News channels form a smaller subset of overall TV viewership, except for Hindi language services. There have been complaints from brands like Parle Products and Amul, which according to a media report, spends 35-40% of its total television budget on news. Speaking about this phenomenon, Bhadkamkar believes that every business has its ups and downs, but also assures that this sort of culture is not a practice and that marketers also have other advertising options.
Struggling niche channels are also gradually evolving with advertisers investing more in measurement and attribution of business outcomes. “The need for accountability and ROI has increased rapidly across media. So, the metrics of evaluation are also shifting from just output and media metrics to outcome and business metrics,” Parthasarathy says.

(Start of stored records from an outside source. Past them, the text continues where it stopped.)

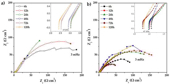Figure 6 shows the Nyquist diagrams of 0% CeO2-NPs and 1% CeO2-NPs samples after 120 h of exposure to Li2CO3-K2CO3 in a H2 atmosphere at E = EOC and 550 °C. The impedance analysis reveals a capacitive behavior of the alloys, independent of CeO2-NPs, indicating a higher resistance to polarization as a function of increased exposure time for both samples, attributed to the formation of protective oxides []. Concerning the effect of temperature on the reaction rate, the anodic reaction has positive activation energies [], indicating that the oxidation of H2 is facilitated at higher temperatures. The heat of the reaction for the gaseous dissolution of H2 and CO2 in carbonates also has positive values []. Therefore, a higher temperature increases the rate of gas dissolution.
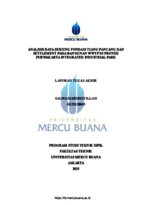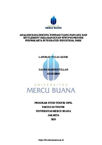 MARDHOTILLAH, SALWA (2025) ANALISIS DAYA DUKUNG FONDASI TIANG PANCANG DAN SETTLEMENT PADA BANGUNAN WWTP DI PROYEK PURWAKARTA INTEGRATED INDUSTRIAL PARK. S1 thesis, Universitas Mercu Buana Jakarta.
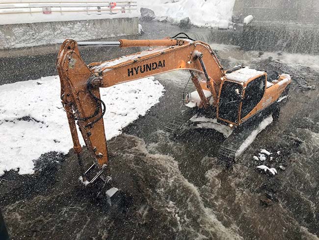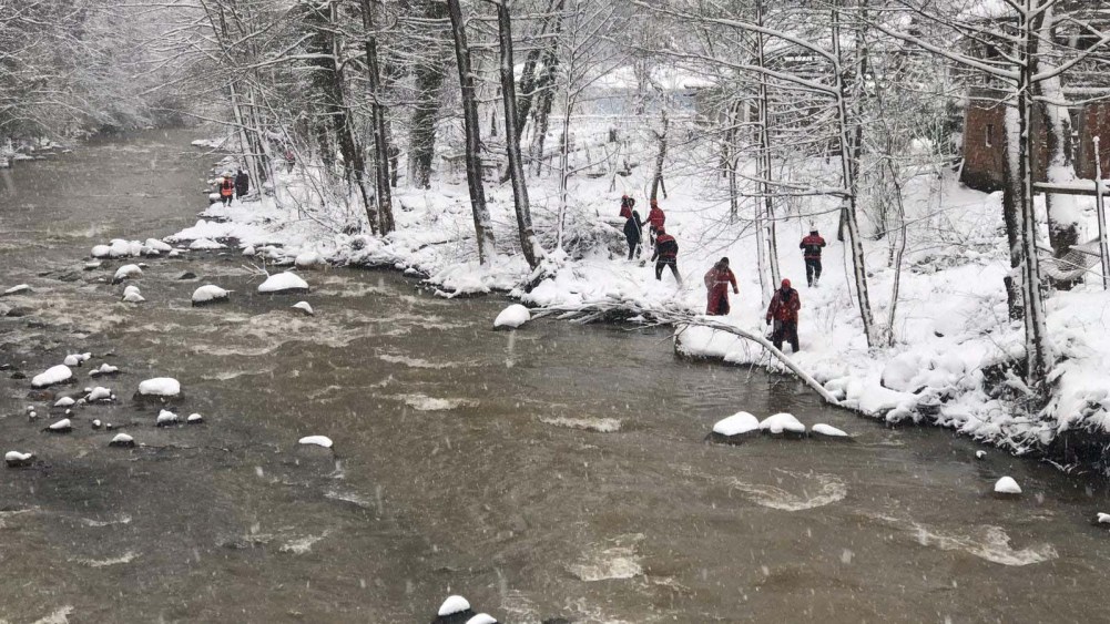 Düzce'de 4 Şubat'ta dereye yuvarlanan kepçenin operatörünü arama çalışmaları altıncı gününde yoğun kar yağışı ve 1 metre karın altında devam ediyor.
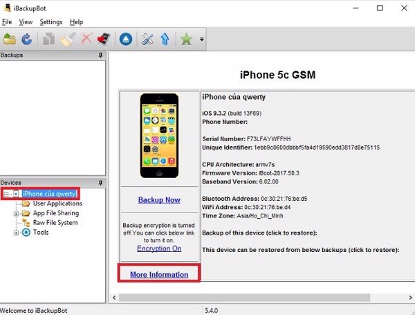 Sau khi iBackup Bot được cài đặt xong, các bạn chạy phần mềm và kết nối iPhone với máy tính bằng cáp lightning. Tiếp đến, chọn tên iPhone và click vào “More Information” như hình dưới đây.
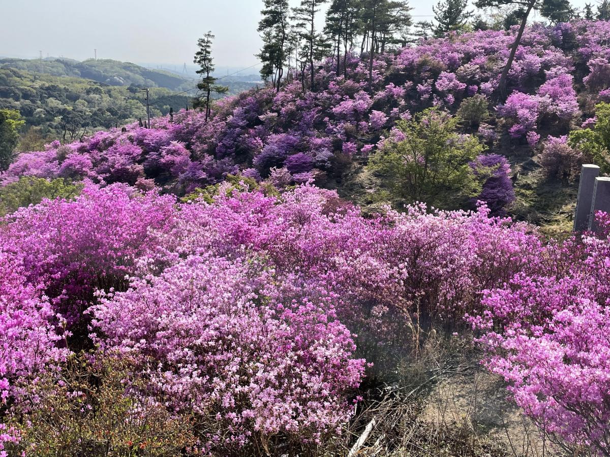 ソメイヨシノの見頃が終わる頃、4月上旬から中旬にかけて、コバノミツバツツジが、弘法御嶽山信仰の石碑を埋めるように山の斜面いっぱいに群生しています。市の名木指定もされています。
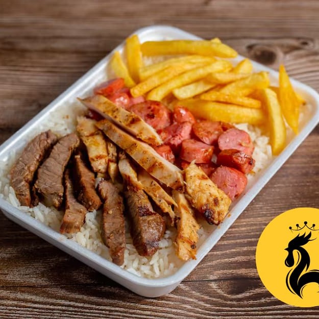Acompanha arroz branco soltinho, feijão e fritas, junto com um churrasco misto (Carne, frango e linguiça)
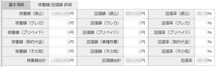 支払い方法別の被害額/回復額/回復率を確認できる。
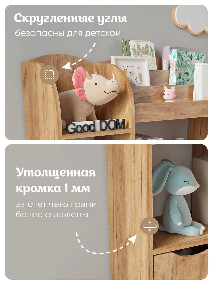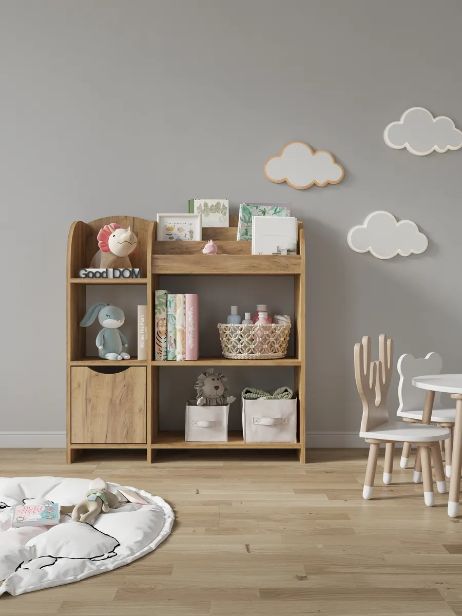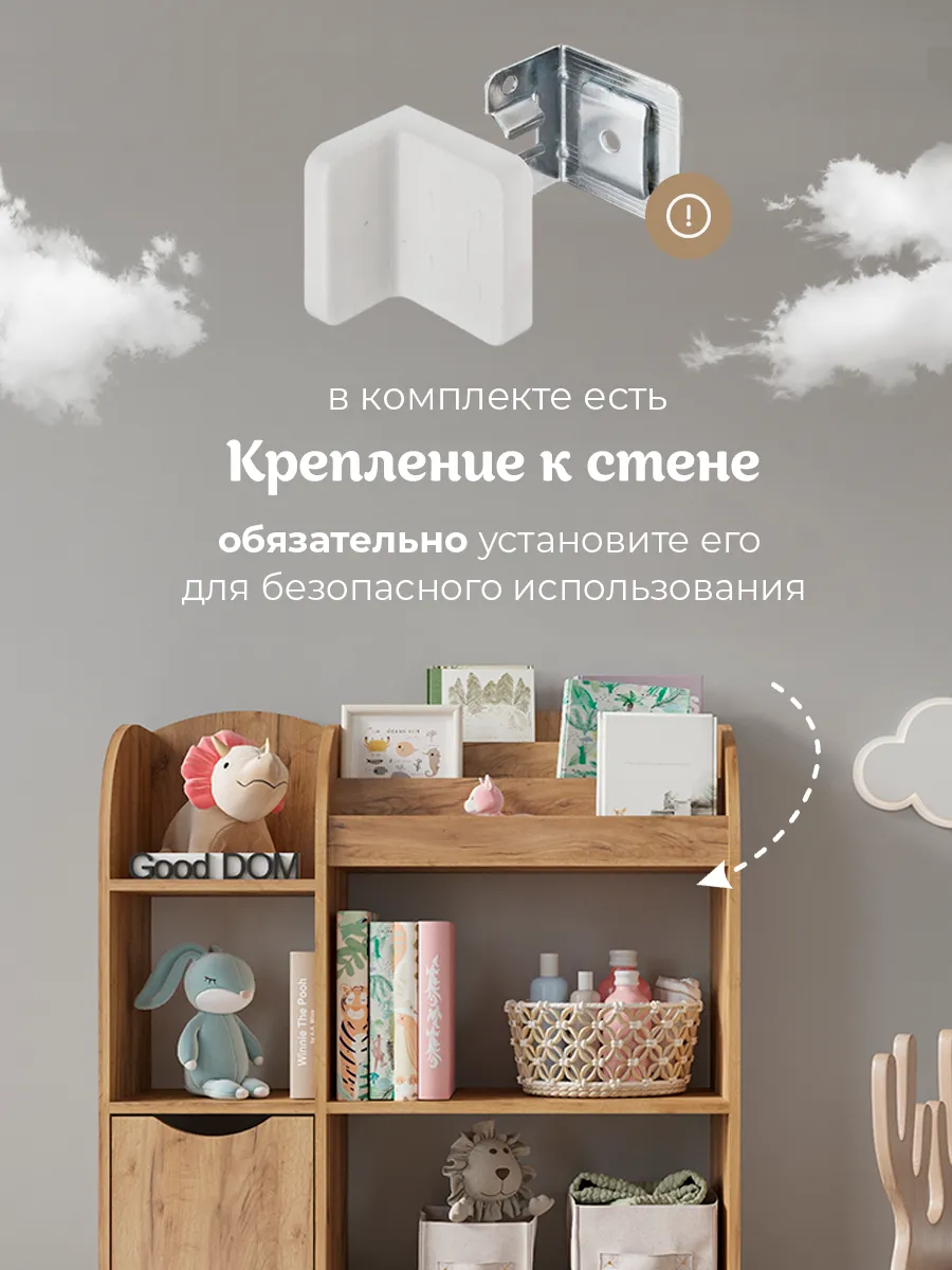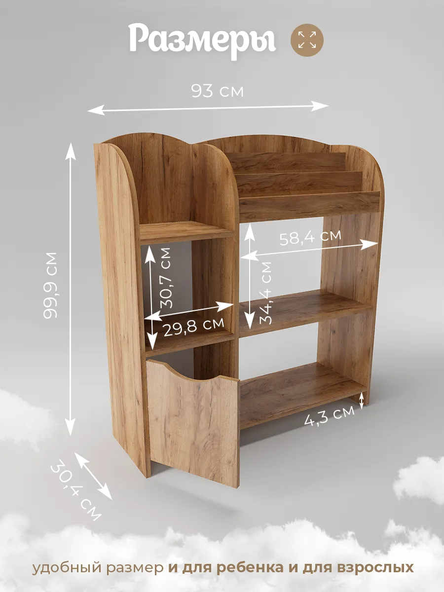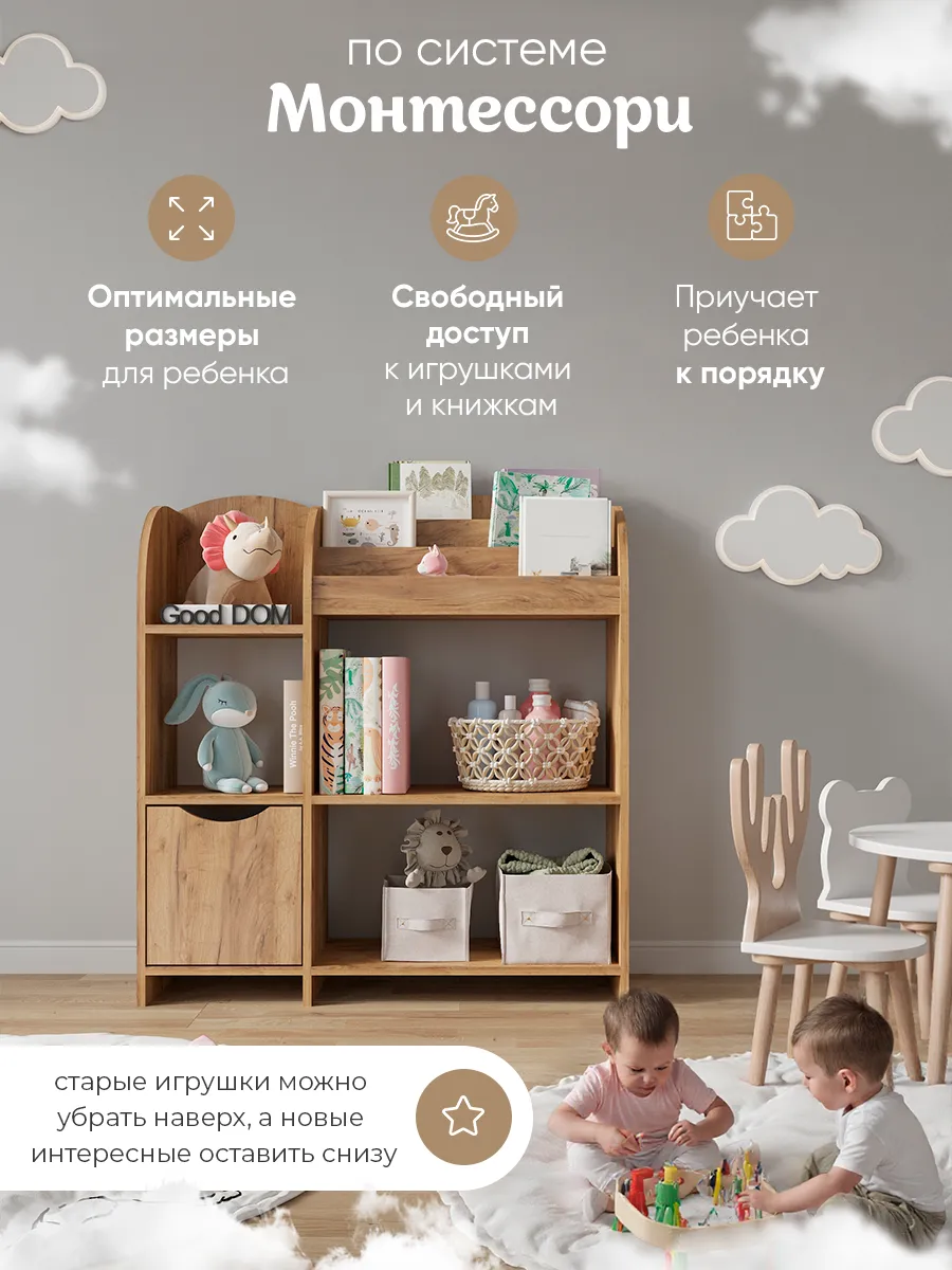Стеллаж в детскую комнату для игрушек. В детской комнате он найдет свое место как стеллаж детский для игрушек или стеллаж для книг детский. Шкаф в детскую станет идеальным местом для хранения игрушек, книг и других вещей вашего ребёнка. Стеллаж подойдет для мальчиков и для девочек. Шкаф в детскую. Детский стеллаж - стильное решение организации хранения в комнате ребенка. Стеллаж для детской выполнен из безопасных материалов. Острые углы, о которые может пораниться ребенок, отсутствуют. Распределение предметов по зонам приучает детей к порядку, ответственности. Ребенок, пользующийся мебелью по системе Монтесорри, вырастает организованным и уверенным в собственных действиях. Такая мебель развивает в ребенке самостоятельность, ведь он складывает свои вещи на определённые места. Верхняя часть стеллажа оптимально подходит для хранения книг по системе Монтесорри. Стеллаж с дверцей так же отличное интерьерное решение для любой комнаты: гостиной, спальни, прихожей, коридора, детской, офиса. Открытые полки и закрытое отделение (ящик) помогут разместить все необходимые вам вещи, а универсальный дизайн поможет стеллажу вписаться в любой интерьер. Шкаф напольный универсален. Стеллаж в детскую с полками, отделениями, секциями удобен для размещения вещей. Скругленные углы и петли с доводчиками делают его безопасным в использовании даже детьми. Стеллаж книжный вместит книги, журналы, учебники школьника. Так же стеллаж может использоваться как стеллаж для кухни. Стеллаж на кухню поможет организовать хранение кухонной утвари, приправ, баночек и даже декора. Универсальный шкаф впишется в любой интерьер от лофт до классики. Белый стеллаж – это современный и многофункциональный атрибут для детской, гостиной или офисного помещения. Мы дорожим качеством и внешним видом нашей продукции, поэтому вся наша продукция проверяется перед отправкой отделом контроля и упаковывается в коробки с дополнительной твердой защитой.

FMCG and finance brands have always been heavy advertisers of the TV medium. When asked about their mindset with regard to their advertising plans, Vipul Oberoi, CMO, IIFL, said, “TV shall continue to be one of the most important mediums in our marketing mix, especially when it comes to building a brand. Therefore, our confidence in the medium continues and we are not looking at reducing our TV spends,” he said, hopeful that any gaps would be adequately addressed by BARC.
Some have also captured debates on whether brands should be allowed to dictate the type of content that goes up on TV channels. Oberoi believes that brands must never interfere with or try to influence TV content, but must not associate with it should it find the content unacceptable.
Edelweiss Tokio Life Insurance, on the other hand, is adopting a wait-and-watch approach to see how the situation pans out. “While TV’s credibility has taken a hit and the pandemic has affected other changes too, especially in customer behaviour, we have always let the customer behaviour guide our ad spends and this year is no different,” said Abhishek Gupta, chief marketing officer, Edelweiss Tokio Life Insurance. He adds that digital has incrementally become Edelweiss’ media of choice over the past few years, since it has shown higher merit for investments.
When all’s said and done, the fact that TV has not lost its importance stands unchanged. TV, truly, has stood the test of the good times and bad.